Подшивки всех белорусских газет за январь 1948 года, просмотренные мною в РНБ, произвели впечатление девственности. О приезде Михоэлса в столицу Белоруссии ни одна газета не сообщила, хотя великие артисты в Минск приезжали отнюдь не каждый месяц. А сообщение о его гибели появилось только 16 января (ГОСЕТ в центральной «Правде» еще 14 января известил о «внезапной и безвременной кончине» своего руководителя). Текст некролога и четырех сообщений четырех театров Минска в обеих ежедневных минских газетах (одна – на русском, другая – на белорусском) был абсолютно одинаков, с употреблением нейтрального слова «умер», а где и как – о том ни гугу. (Замечу, что еженедельная «Лiтература i мастатцтва» 17 января поместила те же тексты и еще фотографию Михоэлса, не указав, конечно, что снимок сделан в Минске 11 января 1948 года; газеты Белорусского военного округа «Во славу Родины», комсомола «Сталинская молодежь» и газета «Железнодорожник Белоруссии» о Михоэлсе не писали и программы театров не давали.) Минские газеты «Советская Белоруссия» и «Звязда», публиковавшие репертуар театров, сообщили, что в пятницу 9 января в Белорусском гос. театре драмы им. Янки Купалы шел «Тевье-молочник» Государственного Еврейского театра Белоруссии (по-белорусски: Яурейскога тэатра; своего зрительного зала у него не было). А вот спектакль Белгосдрамы «Константин Заслонов» шел трижды – в субботу 10 января в 20 часов, в воскресенье 11 января в 12 часов дня и в 20 часов. Естественно, что Михоэлс смотрел его 10 января. К сожалению, в воскресенье 11 января газеты не напечатали программу театров (в этот день в Белоруссии были выборы, и газетные полосы заполняли материалы на эту тему), в понедельник 12 января минские газеты не выходили.

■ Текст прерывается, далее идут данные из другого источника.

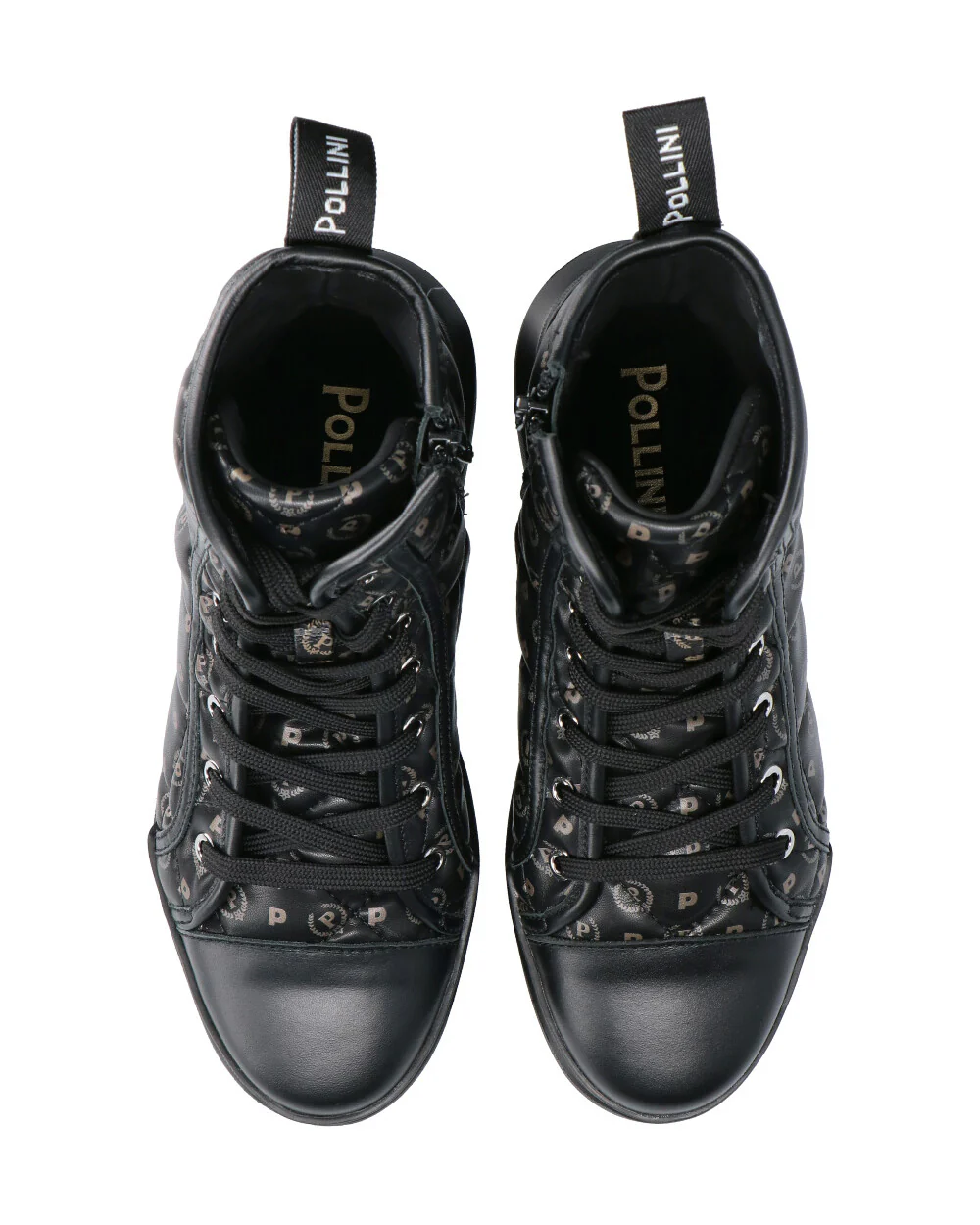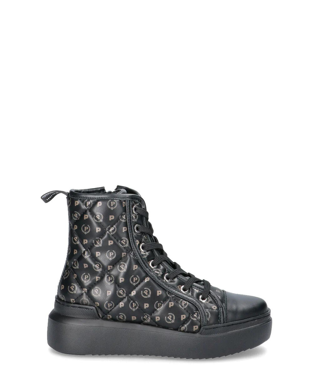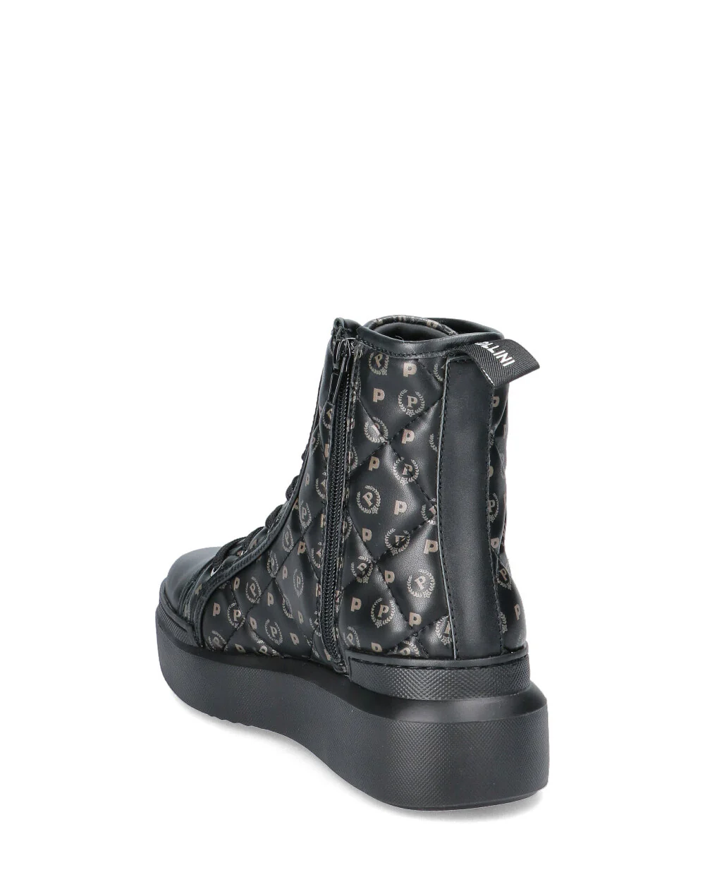Sneaker in ecopelle logata effetto matelassè, lacci e zip interna, fondo 4 cm.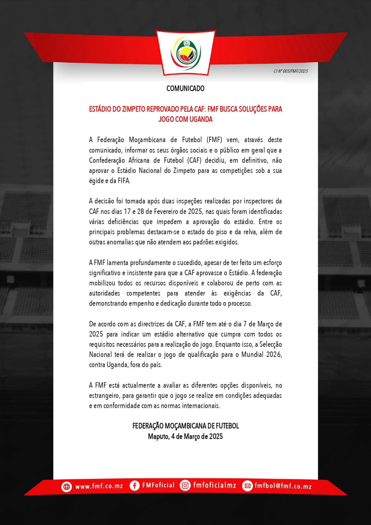 وفي بيان له، أشار اتحاد الموزمبيقي لكرة القدم إلى أن تقرير "كاف" أقرّ بتحسن جزئي في صيانة مرافق الملعب، لكنه أشار إلى أن سطح الملعب (العشب) لا يلبي الحد الأدنى من معايير الفيفا والاتحاد الإفريقي للمباريات الدولية من الفئة الثالثة، بالإضافة إلى اكتشاف "عيوب حرجة" تتطلب تدخلاً عاجلا.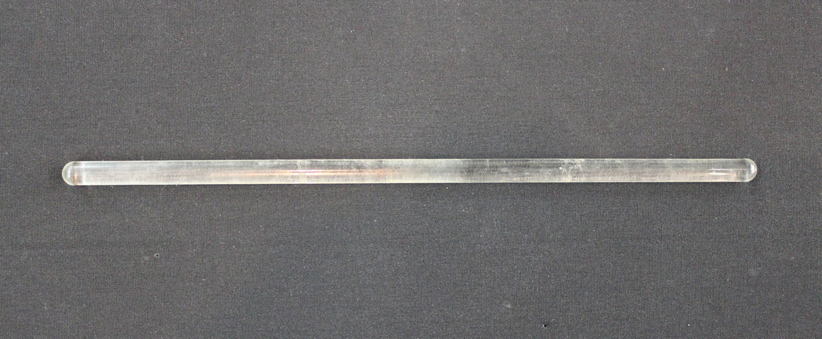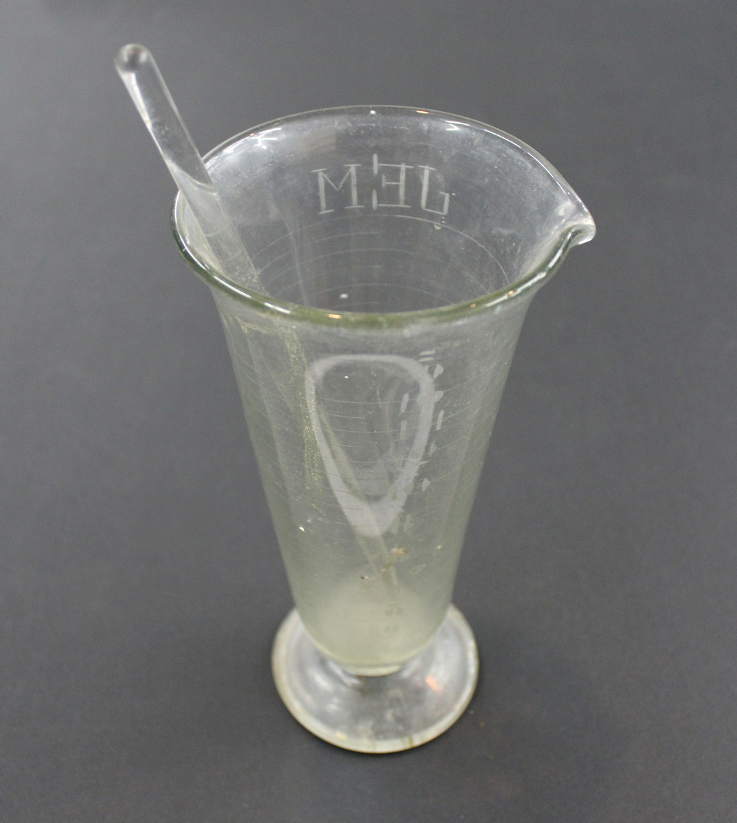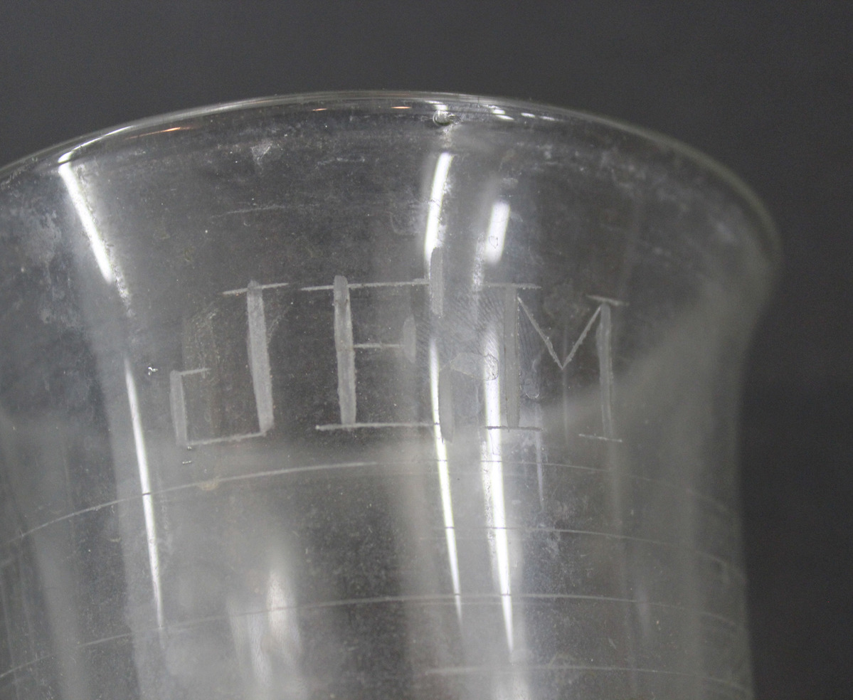 Glass conical measure (a) for pharmaceutical use. Glass cylinder with flared rim and small spout, tapering towards bottom where it connects to a round glass base. Graduated measurements engraved on one side, 0-16 ounces, with every other line extending around the measure and the others extending halfway around. Engraved monogram on reverse side, "JEM" (Joseph E. Murphy). On side opposite spout are two stamps listing manufacturer and industry approvals. Stirring stick (b) of solid glass, rounded at each end.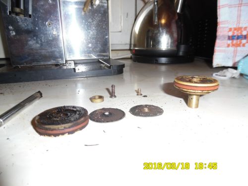 Gaggia Coffee + Cunill Marfil (ajándék taknyoltdoserless). A babtartály tetejét már nem találom, pedig emlékszem rá, hogy itt van valahol a lakásban. Új kések vannak benne, olyan 3-400 gramm kávé ment át rajta. A Gaggia-t teljesen szétkaptam, a linken találtok is pár képet. Kapott új szilikoncsöveket (kivéve a visszafolyó), Kar -és bojlertömítést. Illetve láttam még benne két o gyűrűt, az egyiket a bojler és a vízcső közötti kis darabban, a másikat meg a fejben lévő csavar alatt, azokat is kicseréltem. Próbáltam olyan szépre megcsinálni a bojlert, mint amiket szoktam itt látni, több kevesebb sikerrel szerintem megugrottam a problémát, bár nagyon picike vízkő maradt az aljában, de tovább nem akartam citromsavazni, mert szép állapotban van, nem kráteres. Gyári karral, szimpla és duplaszűrővel. Igény esetén lali.hu féle tamper (nem tudom, hogy most mennyi az ára, de új ár -30%). A rozsda már megkezdte.

Таким образом, об оперном спектакле «Алеся» получить информацию не удалось.
Ну вот, теперь, наконец, вернемся к нашей основной теме – встрече Михоэлса с генералом Трофименко. Выезжая из Москвы, Михоэлс знал, что 9, 10 и 11 января его ждут спектакли, и вполне мог бы приехать в Минск утром 9-го. Однако он приехал 8-го, и предположение, что именно для того, чтобы повидаться с генералом Трофименко, – не является натяжкой. Дело в том, что вплоть до утра 7 января считалось, что вместе с Михоэлсом в Минск едут и Перец Маркиш с женой, давние друзья Трофименко, которых он звал в гости, поздравляя с Новым годом 2 января, и, узнав о командировке Михоэлса в Минск, они решили ехать с ним, чтобы вместе отправиться к генералу. Торчать в Минске из-за белорусских спектаклей им никакого смысла не имело, и, поскольку о поездке они генералу сообщили заранее, ясно, что для визита и был выбран первый же день. За несколько часов до отъезда Маркишу пришлось, однако, сдать железнодорожные билеты, так как еврейское издательство загрузило его срочным чтением верстки (см.: Э. Маркиш. «Столь долгое возвращение…». Тель-Авив, 1989, с. 173–174) – не иначе как стараниями агента ГБ Фефера, выполнявшего заказ своих хозяев, которым лишний свидетель в Минске был не нужен. Сам Фефер был направлен ГБ в Минск чуть позже, и Михоэлс неожиданно обнаружил его в гостинице «Беларусь» утром 11 января, а 12-го плотно встречался с ним и расстался в 18 часов…
Итак, дату встречи Михоэлса с генералом Трофименко можно считать точно установленной – вечер 8 января с ночевкой.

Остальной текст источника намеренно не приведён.